Meredith stretched like a sated cat and blinked. “Mmm. Good morning to you, too. Any coffee left?”

“You’re entirely too perky for someone who’s had five hours of sleep.”

“You’d be perky too after the night I had.” Meredith waggled her brows. “Paolo worked at a resort in Phuket and let me tell you, Thailand must be the place to learn a few tricks, if you get my drift.”

“Your drift is as subtle as a nuclear bomb,” Cara said drily. “We have a lot of work to do today, and somehow I got roped into helping he-who-must-not-be-named with the mock wedding.”

“Yeah. Somehow.” Meredith grinned and flounced to the shower, buck naked and not at all ashamed. Of course, when you looked like a centerfold, what was there to hide?

Cara sighed and got to work on the alterations she hadn’t finished yesterday thanks to the side trip to the spa. Which had been very nice indeed and had totally worked the kinks out of her ankle. She had a feeling Keith had meant the spa session as some kind of treat, despite his insistence the “services” needed testing.

So maybe both were true. It didn’t matter. She needed to stop thinking about Keith and especially stop remembering the good parts of their relationship. There was no scenario in which that would end well.

She stuck the needle through the dress’s fabric and focused on how this creation would transform one of her models into a beautiful bride. Eventually, a real bride might want this same dress and Cara would gladly restitch it to fit its future owner. These dresses weren’t one-use-only, no matter what Keith tried to claim, and regardless, Cara filled a bride’s critical need by helping her have the most memorable day possible.

Cara Chandler-Harris Designs filled a need, too—it gave her the sense of belonging she craved. One day, marriage would give her that. Until then, she’d sew.

When Keith texted her an hour later, the sight of his name on her phone’s screen put a sharp thrill in her midsection. Quickly, she squelched it. What was wrong with her?

“I’m going to meet Keith at the beach,” Cara called to Meredith casually. “You can stay here and keep working on the dresses.”

“Are you out of your mind?” Meredith stood so fast, a box of thread crashed to the floor. “I’m not missing this.”

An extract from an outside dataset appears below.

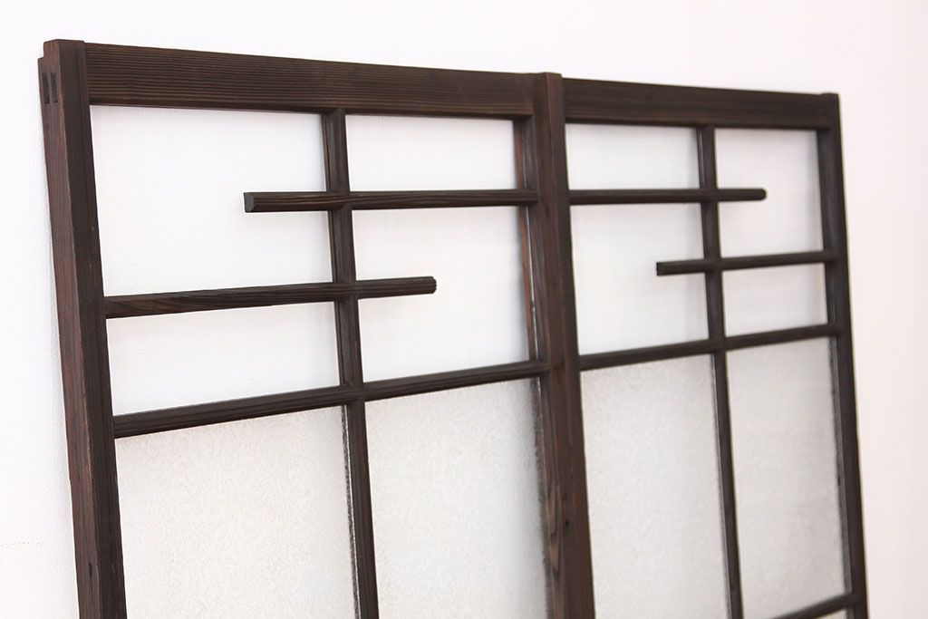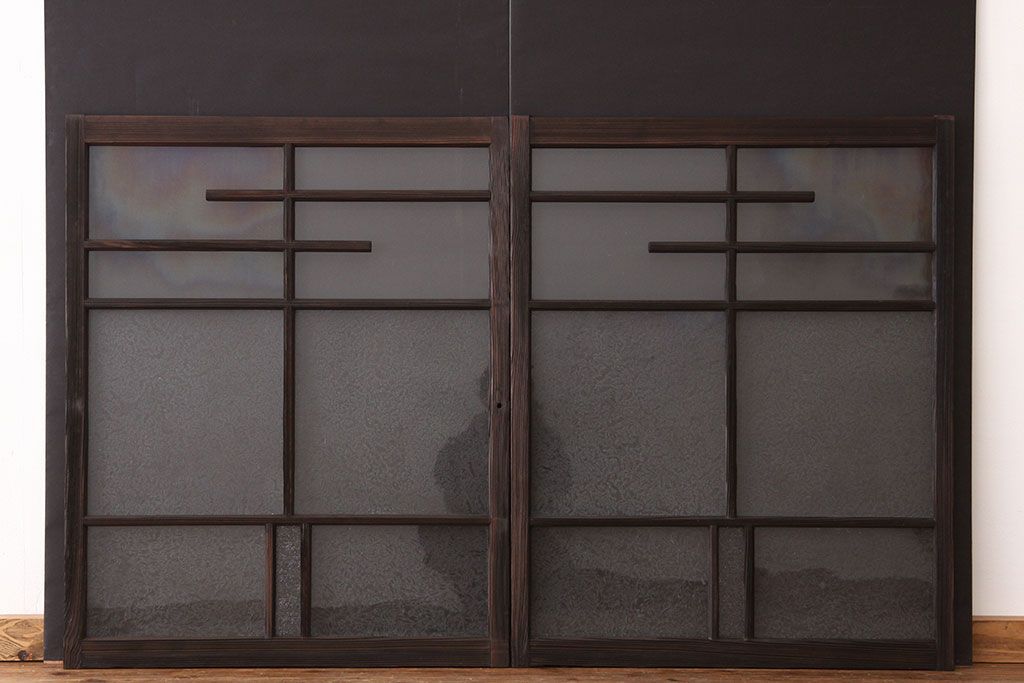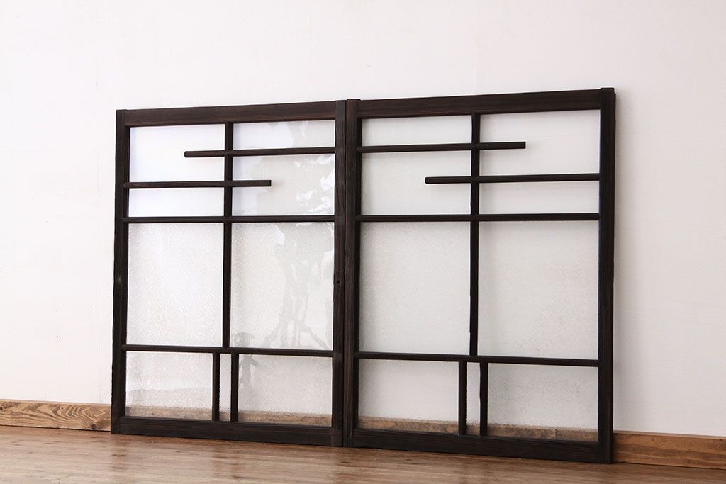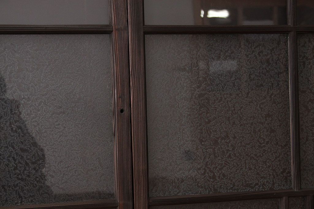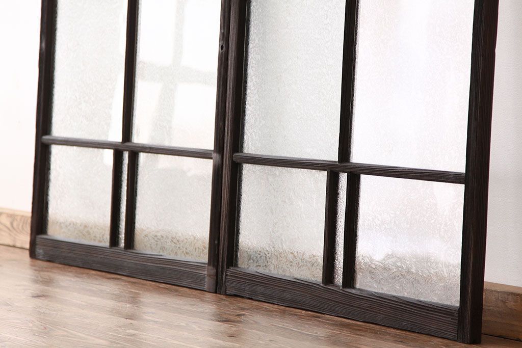 アンティーク 結霜ガラス入り使い込まれたガラス戸2枚セット(窓・引き戸)

Cara strangled over a groan. “It’s not a show. We’re just going over the basic plan for the mock wedding. The expo starts tomorrow, and these dresses are not going to alter themselves.”

“Honey, whenever you and Keith are in the same room, it’s always a show.” Her sister carefully folded the dress in front of her. “And I never said I wasn’t going to do alterations while I was watching.”

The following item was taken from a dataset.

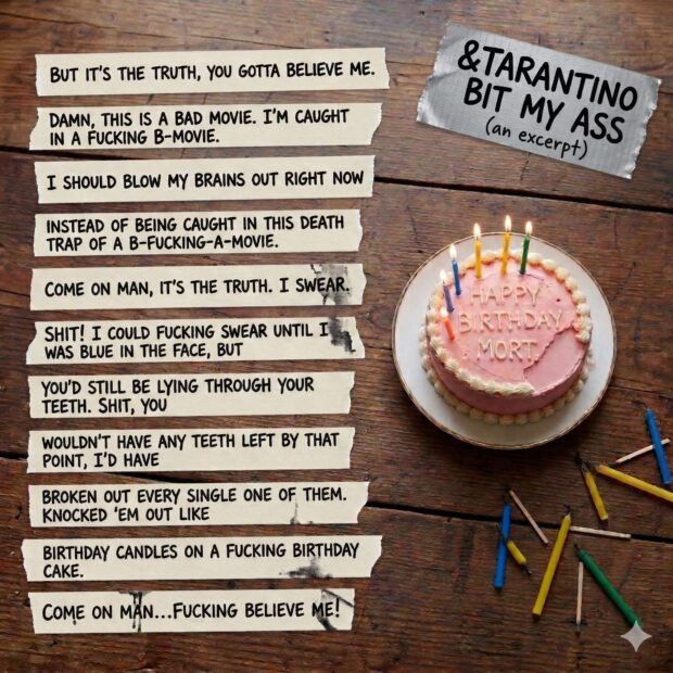 I dug through some of my old writings, looking for a piece I could set in a scene that would visually make sense. I found a short story I’d written in 1995 called “&Tarantino Bit My Ass”. It was dialogue from an imagined scene from a Quentin Tarantino film.

Cara let it go, mostly because she wasn’t sure why she’d protested in the first place. It wasn’t as if she’d wanted to be alone with Keith. The opposite was a much saner idea anyway. The buffer of Meredith would be a blessing in disguise.

When the two women reached the beach, it was teeming with people. Had she missed a memo? She could have sworn Keith had said he was short staffed and needed her help.

The wind picked up and blew Cara’s hair into her mouth as she zeroed in on the tallest man present. And she’d deny to her grave that she’d noticed him the moment she’d hit the edge of the beach.

“What’s all this?” she asked.

“We need to run through the ceremony.” Keith waved at the crowd without glancing in Cara’s direction and barked out an order to a passing member of the catering staff. “These are all the participants.”

All righty then. She squared her shoulders.

“Let’s get to work. You.” Cara put a hand on the shoulder of a baby-faced guy walking by. “We need white wooden chairs set up in two parallel sections on each side of the walkway leading to the gazebo. Find them. Set them up in about ten rows. Come tell me when you’re done.”

That got Keith’s attention. His gaze swung around to zero in on her as the errand boy snapped off a “Yes, ma’am.”